Ray-traced mountains to climb
Two years on, and it’s interesting to see what has changed and what hasn’t. Nvidia is faster at RT, and enabling RT in most games is still a great way to tank performance for a modest improvement in visuals. But in the right situations, RT can make a big difference. There’s no way to get high-quality visuals suitable for film without ray tracing or path tracing, and while games continue to improve, we’re a long way off from playing anything that has visuals worthy of a summer Hollywood blockbuster.
One thing that has changed since the first RTX cards launched is the number of games with support for ray tracing. Big publishers may have been first out of the gate, but those first forays into real-time RT feel pretty lackluster compared to some of the latest games. At present, there are currently around two dozen games that use RT in some form, with many more currently in the works.
It’s funny how we can get used to games looking a certain way and be happy with it, and then along comes something new and our expectations change. Control paved the way with a new level of visual fidelity, and Cyberpunk 2077 now joins it, with most other games still trying to catch up. While you can certainly play either game without ray tracing, once you’ve spent some time running around the hallways of the Federal Bureau of Control or Night City in all their RT glory, you miss the improved reflections, lighting, and shadows once they’re gone.
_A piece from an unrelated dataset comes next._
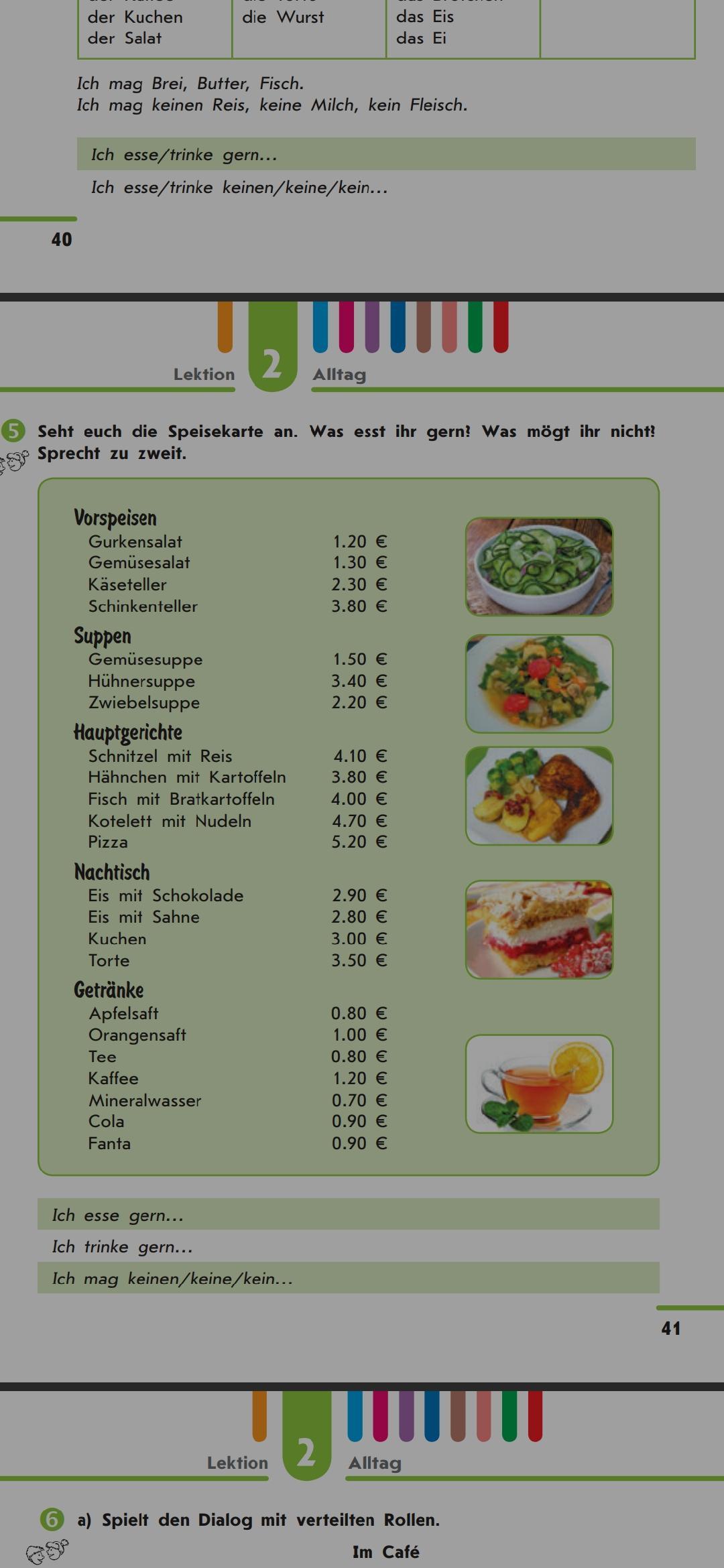 ich esse gern Reis mit Schnitzel und trinke Orangensaft oder Cola,aber ich mag keine Gemüsesuppe und Zwiebelsuppe

We remember the days of the first programmable shader GPUs, with games like Crysis causing hardware to physically cry out in pain at times. It took many years before that level of graphics became relatively commonplace, and ray tracing will follow the same path. We’re still nowhere near the point where RT hardware has fully penetrated the market. Part of that is thanks to the rise of laptops. 12 percent of all PCs on Steam might have RT-capable GPUs, but if we’re looking purely at laptops, that number will certainly be lower. Consoles getting RT hardware was probably necessary before we’d get to see the tech proliferate.
With the latest GPUs, we now have cards that are significantly faster than two years ago, and future generations will continue the upward climb. In that sense, right now we’re really just trudging through the mist-shrouded foothills of ray tracing, looking up to the summit in the distance. It’s going to take time to get there, but in another two or three generations of graphics hardware we’ll think back fondly on our hike through the valley of rasterisation and conclude that, yes, the ray-traced panorama before us was worth the effort.